Dataset section
=-=-=

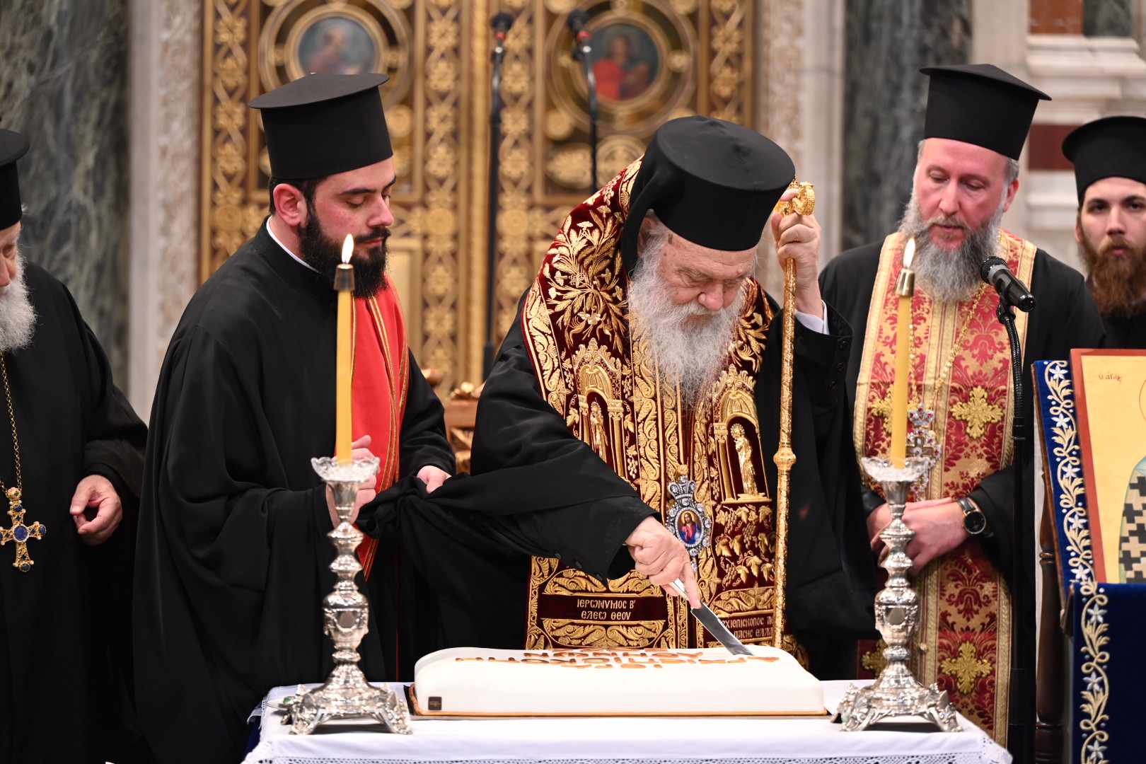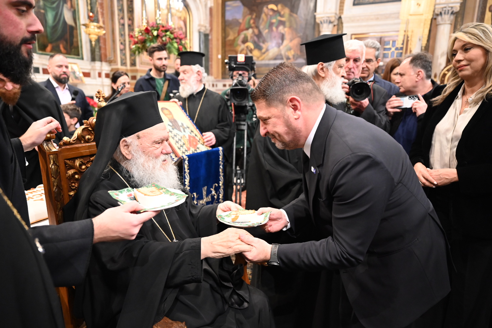 Αμέσως μετά, ο κ. Χαρδαλιάς μετέβη στον Ιερό Καθεδρικό Ναό Αθηνών για την τελετή κοπής της βασιλόπιτας της Ιεράς Αρχιεπισκοπής Αθηνών από τον Μακαριώτατο Αρχιεπίσκοπο Αθηνών και Πάσης Ελλάδος κ.κ. Ιερώνυμο.
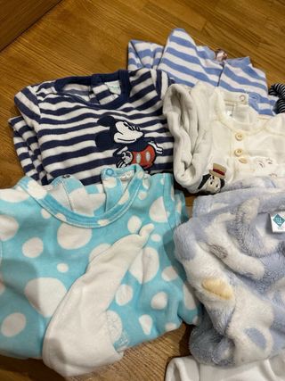 Lote de seis pijamas de invierno para bebé, talla 3-6 meses (68cm). - Pijamas de manga larga. - Diseños variados con rayas, Mickey Mouse, puntos y ositos. - Tejido suave para mayor comodidad. - Cierre de botones o cremallera.
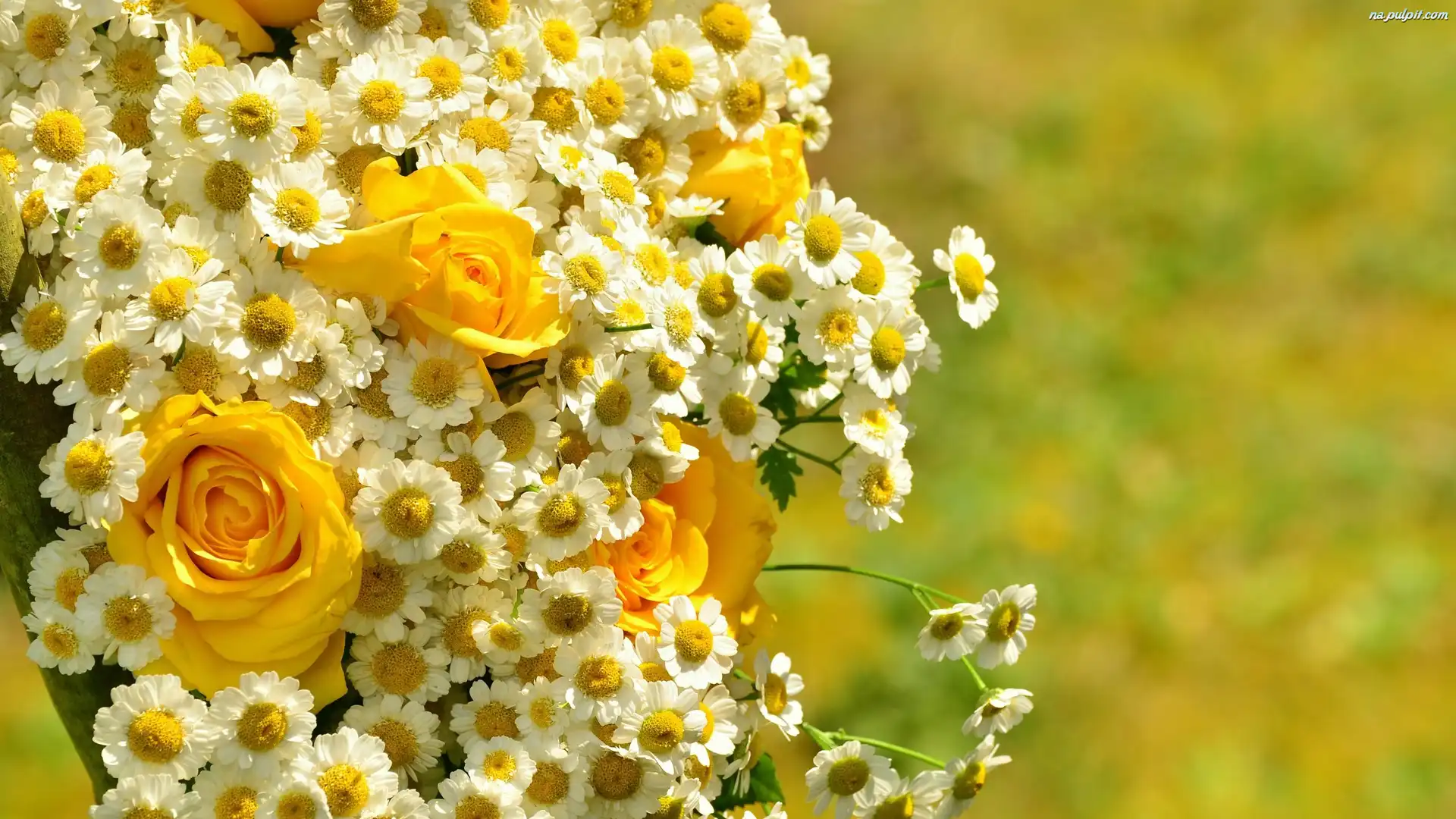 Róże, Rumiany rzymskie, Bukiet, Kwiaty, Żółte
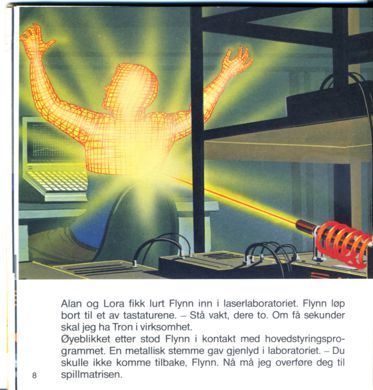 Alan og Lora fikk lurt Flynn inn i laserlaboratoriet. Flynn løp bort til et av tastaturene. - Stå vakt, dere to. Om få sekunder skal jeg ha Tron i virksomhet.

=-=-=

Exercise objective
Before handing back the copy, remove the pictures; otherwise print the data exactly.

Problem solution
 Αμέσως μετά, ο κ. Χαρδαλιάς μετέβη στον Ιερό Καθεδρικό Ναό Αθηνών για την τελετή κοπής της βασιλόπιτας της Ιεράς Αρχιεπισκοπής Αθηνών από τον Μακαριώτατο Αρχιεπίσκοπο Αθηνών και Πάσης Ελλάδος κ.κ. Ιερώνυμο.
 Lote de seis pijamas de invierno para bebé, talla 3-6 meses (68cm). - Pijamas de manga larga. - Diseños variados con rayas, Mickey Mouse, puntos y ositos. - Tejido suave para mayor comodidad. - Cierre de botones o cremallera.
 Róże, Rumiany rzymskie, Bukiet, Kwiaty, Żółte
 Alan og Lora fikk lurt Flynn inn i laserlaboratoriet. Flynn løp bort til et av tastaturene. - Stå vakt, dere to. Om få sekunder skal jeg ha Tron i virksomhet.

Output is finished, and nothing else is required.